→ **What is expected**
Retype the line in which "WELCOME TO MY FARM" appears, then every line after it until the records end. Leave out the pictures.

→ **Recorded information**
━━━━━━━━━━

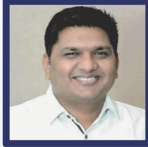
Shri. Prajakt Tanpure

Hon'ble Minister Higher & Technical Education
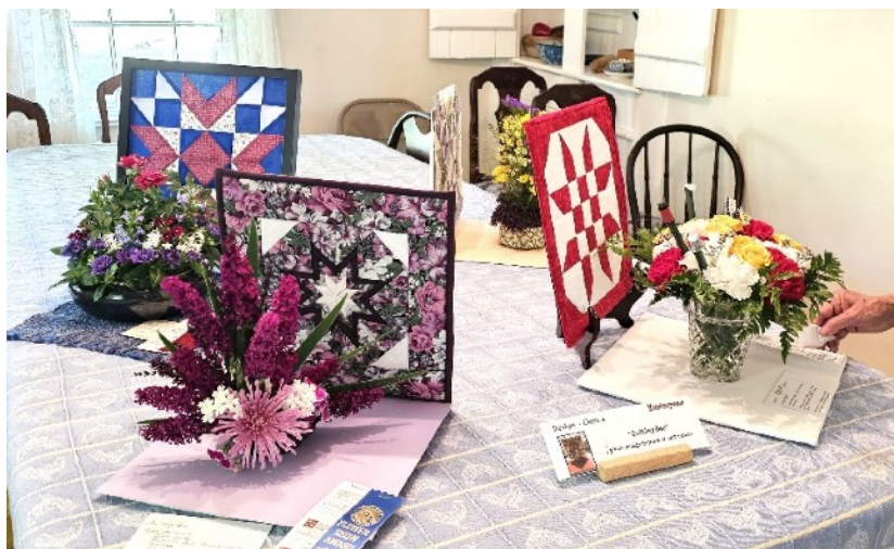
Quilt patch small Meridian Garden Club Flower Show
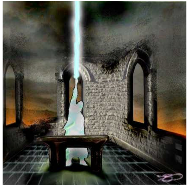
"Breaking of the World" by Brian Danford

Knowledge: Arcana skill check (DC equals 2/3 the creation DC as seen in this netbook).
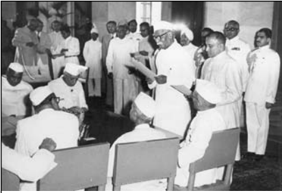
C.R.P. swearing in as Deputy Minister for Labour, Employment and Planning in the cabinet of Pandit Jawaharlal Nehru
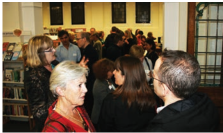
CONSULTATION MEETING AT TORRIDON ROAD LIBRARY

Love Corbett is a website that is operated by Commonplace on our behalf that allows you to have your say about what you love or don't love about the Corbett Estate. It has been set up as part of our Neighbourhood Forum project to collect information from residents living on the Corbett estate and help us create a Neighbourhood Plan for the estate which becomes a legal document that Lewisham Planning have to consult when assessing planning applications and how the estate should be developed in the future. It is very important that you have your say. Just click Love Corbett on www.corbetsociety.gov.uk , fill in a few details and click on 'post comment'. You can make as many comments as you like.
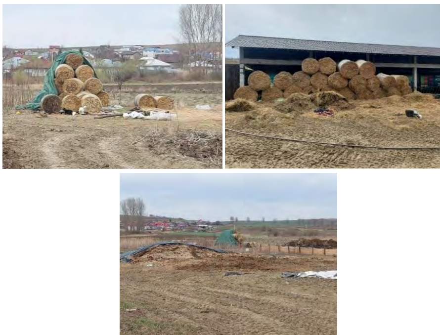
Fig. 12. Bales of natural and alfalfa hay, and maize silage

The diet used in the farm is formed by natural hay (10 kg), alfalfa hay (10 kg), corn silage (5-10 kg), corn cobs (1-2 kg), and concentrates (corn, wheat) (1 kg).
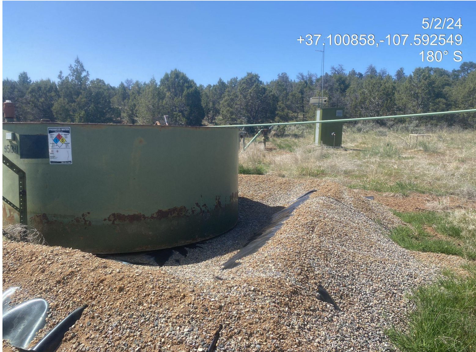
Photo 2. Produced water tank label and weeds at berm corrective actions identified in the previous inspection doc #702500045 have been addressed/resolved.
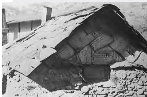
Above: The mud-walled hut that Won Pil Kim and I built in early 1951 out of ration cartons stood on a lonely hill by a cemetery in Busan.
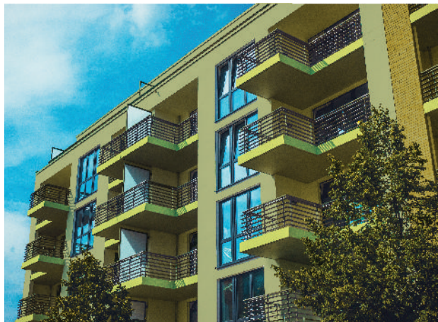
Walls Soft Green 19-613-W Trim Mustard 19-610-W
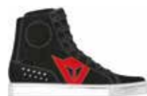
C59 carbon-dark/red new color option
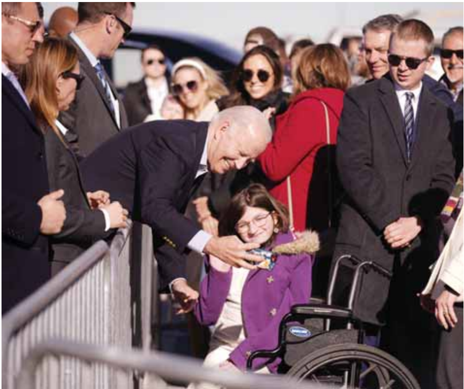
President Joe Biden takes a photo with people on the tarmac before he boards Air Force One at Denver International Airport in Denver, Wednesday, to travel to Pueblo Memorial Airport in Pueblo, Colo.

Jerusalem has been relatively quiet since the outbreak of the recent round of violence and no major skirmishes have been reported despite several calls by Hamas to Palestinians in Jerusalem to support them.
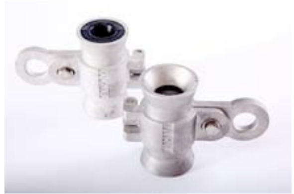
Optical Fiber Cable Clamp
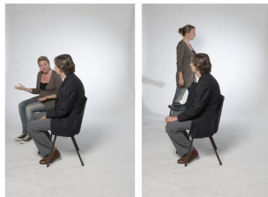
1. A girl was arguing with a boy. Subsequently... 2. The boy got really annoyed.
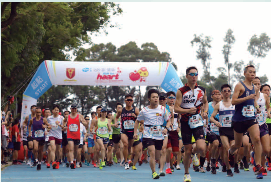
The first race (10km) started
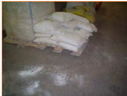
Good housekeeping in order to stop the leakage of resources

ULPI recycled 0.2% of plastics from pipes cuttings including some unmeasurable good housekeeping options as shown in photos below:
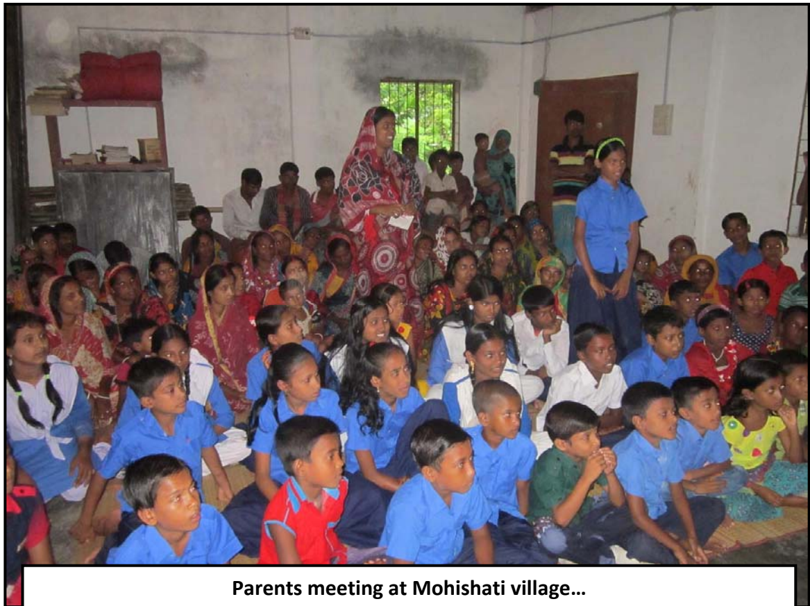
Parents meeting at Mohishati village...
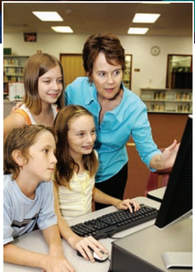
The library plays an important role as information provider, knowledge hub, and source of guidance for budding young researchers.
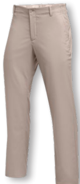
NIKE TEAM FLEX PANT CU9429 Page 39
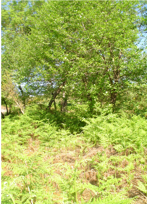
Figure 2. The Aulnaie of Ain Khiair.

microclimate. Commonly, according to the classification of Emberger (1955), the zone is located in the sub humid bioclimatic floor characterized by a cold and wet winter and a warm and dry summer. The volume of rain varies from 717.2 to 944 mm per year; January being the rainiest month. This considerable volume is due to the absence of topographic obstacles as well as to the nearness of the sea and the surrounding lakes of the wet complex of the region of El Kala. The thermal variations show that August month is the warmest month, the minimal of the average temperatures are of 8°C and the maxima of 29.7°C.
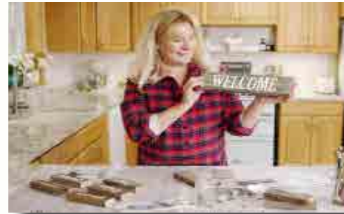
WELCOME TO MY FARM
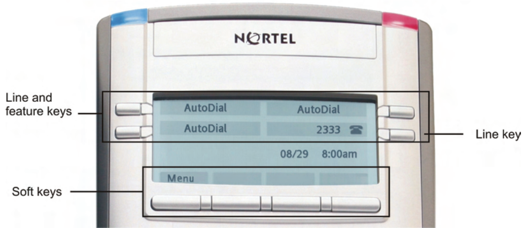
Figure 2: Display area features
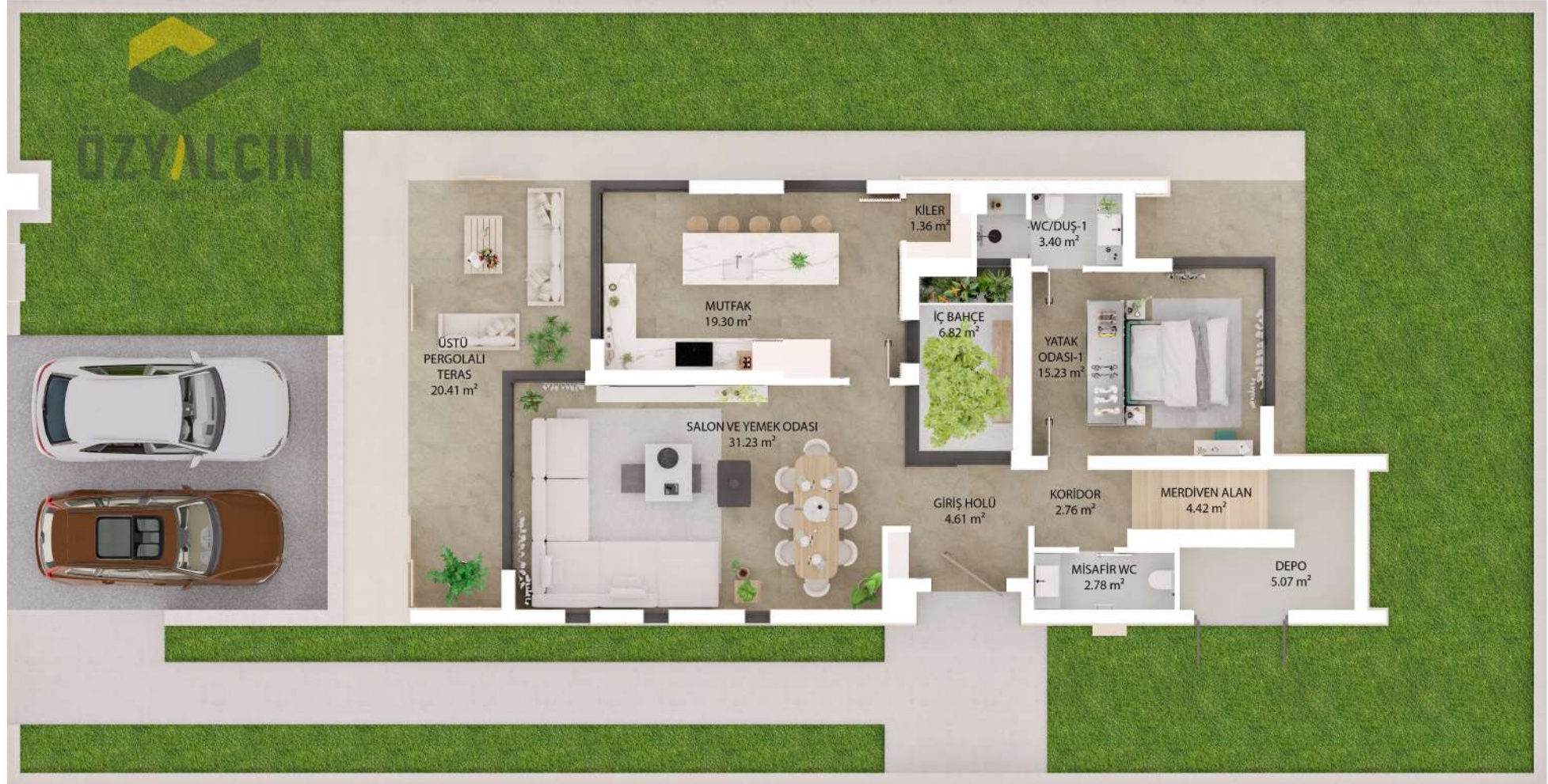
TİP B (B6,B7,B12,B13)
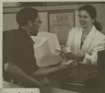
e. a bank

━━━━━━━━━━

→ **Written solution**
WELCOME TO MY FARM
Figure 2: Display area features
TİP B (B6,B7,B12,B13)
e. a bank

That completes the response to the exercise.